ShangLiii commented 2 months ago

Hi,

Can you post the diamond version that you are using and the code that you are trying to run? That will help me understand better where things are going wrong.

Cheers, Tina

Hi, I am using diamond (2.1.8, install through bioconda). My command is: python CAT_pack contigs -c $workdir/contigs_1000bp.fasta -d $Prjdir/CAT_db/gtdb/db -t $Prjdir/CAT_db/gtdb/tax --sensitive -o $catdir/${i} --force

Nethertheless, I have managed to run CAT by prepare customed database through 'CAT_pack download'. Thank you anyway!

By the way, I am now trying to run RAT using self-prepared nr database. However, the CAT failed with no error message. Here is the log: RAT is running. Mapping reads against assembly with bwa mem.

[2024-04-08 16:53:45] Running bwa mem for read mapping.

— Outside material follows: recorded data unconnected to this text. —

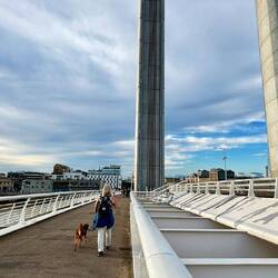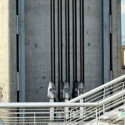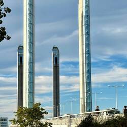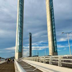 Eine beeindruckende Brücke deren Mittelteil für Kreuzfahrtschiffe angehoben werden kann.
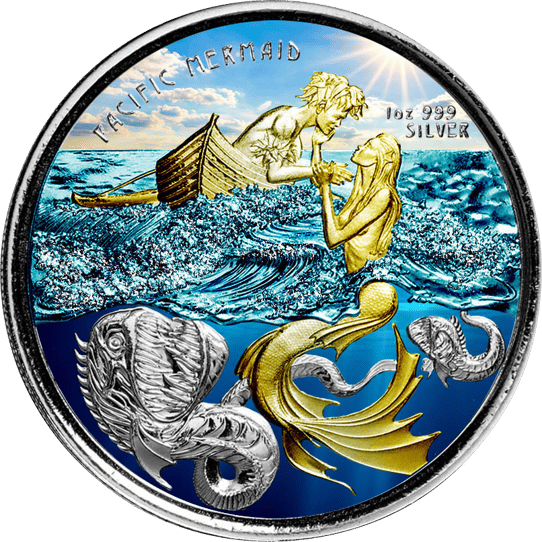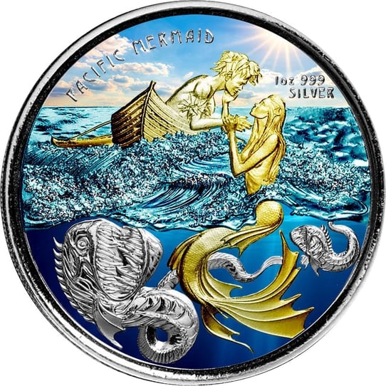 Diese teilvergoldete Silbermünze ist die zweite Ausgabe der Mermaid-Serie, die von der amerikanischen Prägeanstalt Scottsdale Mint herausgebracht wurde. Die Münze wurde im Nach­hi­n­ein durch Färbung und Vergoldung ganz speziell durch ein renommiertes Institut veredelt.
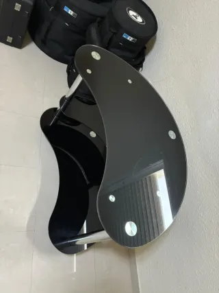 Mesa auxiliar o escritorio con un diseño moderno y elegante. Sus ruedas facilitan su movilidad. - Superficie superior de cristal. - Estructura metálica cromada. - Dos estantes inferiores de cristal negro. - Ruedas para fácil desplazamiento.
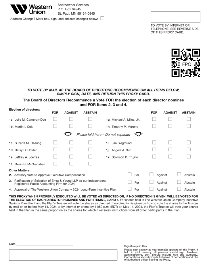 Please note that all votes cast via telephone, Internet, tablet or smartphone must be cast prior to 11:59 p.m., Eastern Time on Thursday, May 16, 2024. For shares held in The Western Union Company Incentive Savings Plan, direction regarding how to vote such shares must be received by mail on or before Tuesday, May 14, 2024, or by telephone, Internet, tablet or smartphone by 11:59 p.m., Eastern Time, on May 14, 2024.
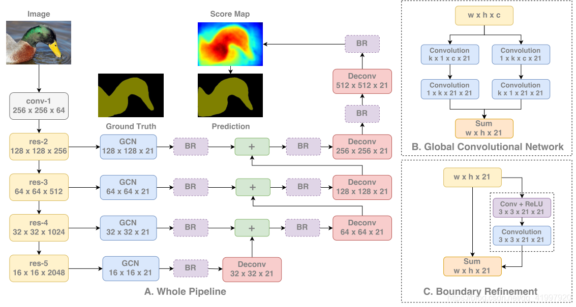 接下来谈结构,ResNet(不带空洞卷积)组成了整个结构的编码器部分,同时GCN网络和反卷积层组成了解码器部分。该结构还使用了一种称作边界细化(Boundary Refinement,BR)的简单残差模块。
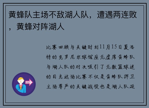 比赛回顾与关键时刻 11月15日,夏洛特的克罗尼尔球馆座无虚席,黄蜂队与湖人队的对决吸引了无数篮球迷的目光。这场比赛不仅是黄蜂队捍卫主场尊严的关键战役,也是湖人队延续连胜的重要机会。比赛一开始,黄蜂队...
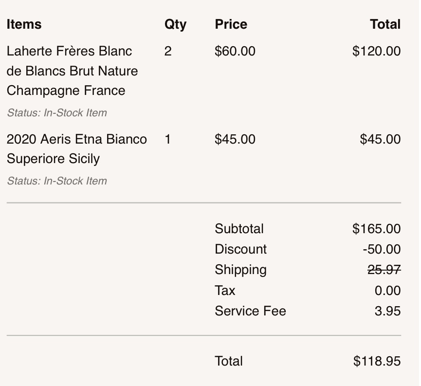 I couldn’t resist. I used an Amex with the $30 off $100 offer, so my net will be $88.95 delivered for these. The Laherte bottling has a lot of fans, and the Aeris Etna Bianco was tasted by @TomHill not long ago with some positive comments

File /data2/lishang/CAT/m2.Lma.12/m2.Lma.12.rat.contigs_1000bp.fasta.m2.Lma.12_R1.fixed.fq.00.0_0.cor.fastq.gz.bwamem.sorted will be generated.Do not forget to cite bwa mem and samtools when using RAT in your publication! [2024-04-08 16:53:45] Contigs fasta is already indexed. [2024-04-08 16:53:45] Running bwa mem... [M::bwa_idx_load_from_disk] read 0 ALT contigs [M::process] read 1288846 sequences (193326900 bp)... [M::mem_pestat] # candidate unique pairs for (FF, FR, RF, RR): (0, 630995, 3970, 0) [M::mem_pestat] skip orientation FF as there are not enough pairs [M::mem_pestat] analyzing insert size distribution for orientation FR... [M::mem_pestat] (25, 50, 75) percentile: (241, 357, 502) [M::mem_pestat] low and high boundaries for computing mean and std.dev: (1, 1024) [M::mem_pestat] mean and std.dev: (384.48, 169.42) [M::mem_pestat] low and high boundaries for proper pairs: (1, 1285) [M::mem_pestat] analyzing insert size distribution for orientation RF... [M::mem_pestat] (25, 50, 75) percentile: (663, 768, 892) [M::mem_pestat] low and high boundaries for computing mean and std.dev: (205, 1350) [M::mem_pestat] mean and std.dev: (751.45, 138.52) [M::mem_pestat] low and high boundaries for proper pairs: (1, 1579) [M::mem_pestat] skip orientation RR as there are not enough pairs [M::mem_pestat] skip orientation RF [M::mem_process_seqs] Processed 1288846 reads in 94.948 CPU sec, 1.620 real sec [main] Version: 0.7.17-r1188 [main] CMD: bwa mem -t 112 /data2/lishang/Contig/m2.Lma.12/contigs_1000bp.fasta /data2/lishang/Contig/m2.Lma.12/corrected/m2.Lma.12_R1.fixed.fq.00.0_0.cor.fastq.gz /data2/lishang/Contig/m2.Lma.12/corrected/m2.Lma.12_R2.fixed.fq.00.0_0.cor.fastq.gz [main] Real time: 5.615 sec; CPU: 98.723 sec [2024-04-08 16:53:51] Sorting bam file... [bam_sort_core] merging from 0 files and 112 in-memory blocks... [2024-04-08 16:53:52] Read mapping done!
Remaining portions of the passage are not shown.